### Information shown
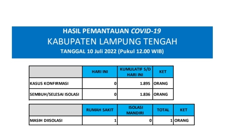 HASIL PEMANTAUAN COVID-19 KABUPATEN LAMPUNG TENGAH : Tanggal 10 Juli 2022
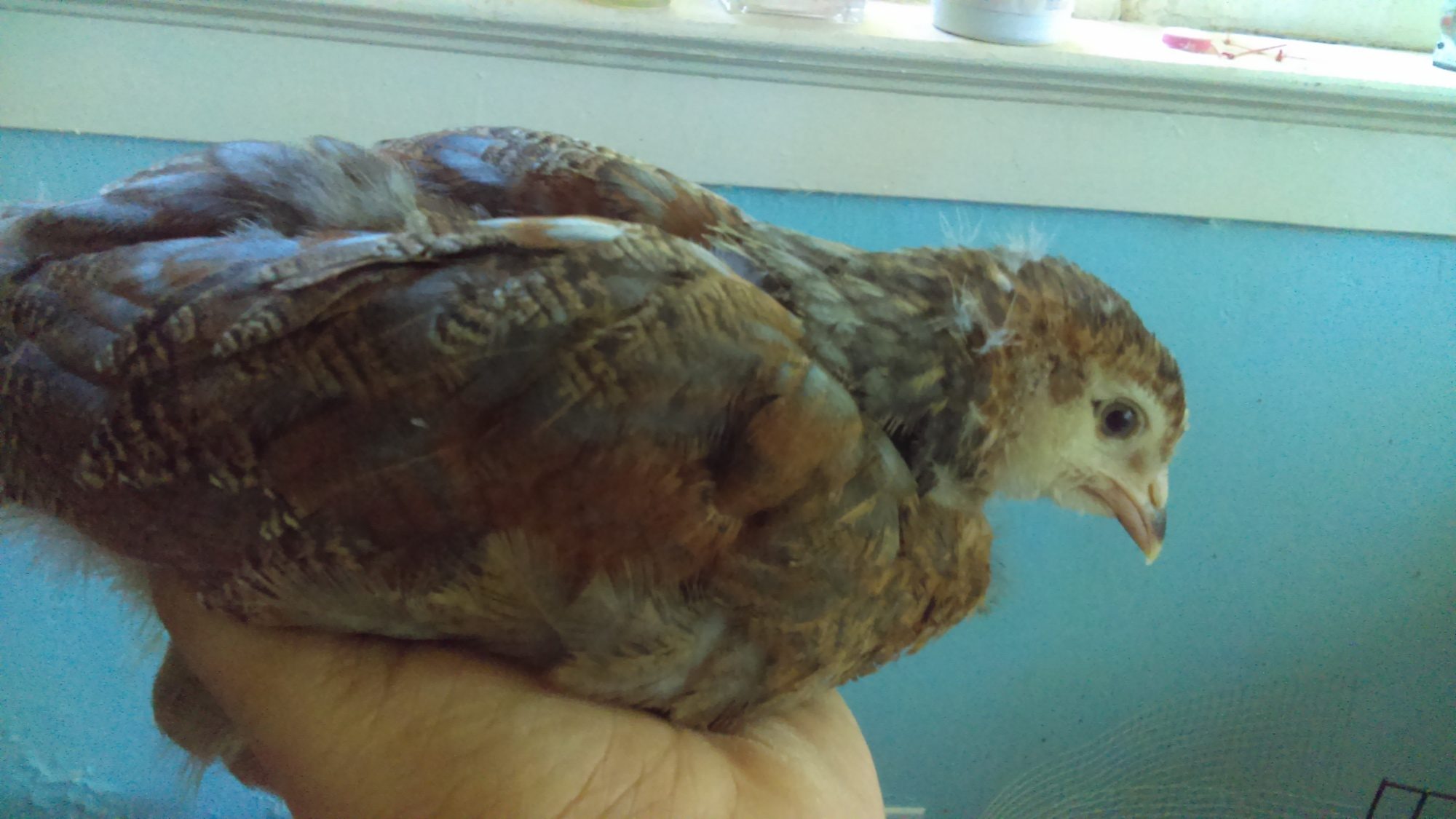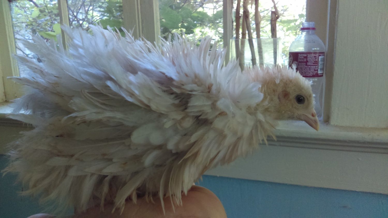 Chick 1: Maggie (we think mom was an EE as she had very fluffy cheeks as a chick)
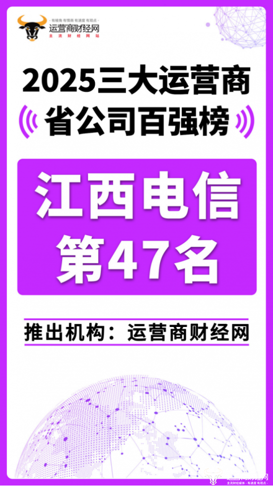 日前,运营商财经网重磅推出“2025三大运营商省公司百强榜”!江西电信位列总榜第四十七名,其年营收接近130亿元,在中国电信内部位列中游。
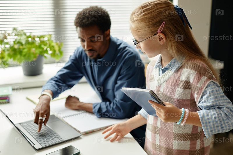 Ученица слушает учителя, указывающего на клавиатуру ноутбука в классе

### Work to complete
From the first line to the last, retype the data exactly, but omit every image.

### Exercise answer
 HASIL PEMANTAUAN COVID-19 KABUPATEN LAMPUNG TENGAH : Tanggal 10 Juli 2022
 Chick 1: Maggie (we think mom was an EE as she had very fluffy cheeks as a chick)
 日前,运营商财经网重磅推出“2025三大运营商省公司百强榜”!江西电信位列总榜第四十七名,其年营收接近130亿元,在中国电信内部位列中游。
 Ученица слушает учителя, указывающего на клавиатуру ноутбука в классе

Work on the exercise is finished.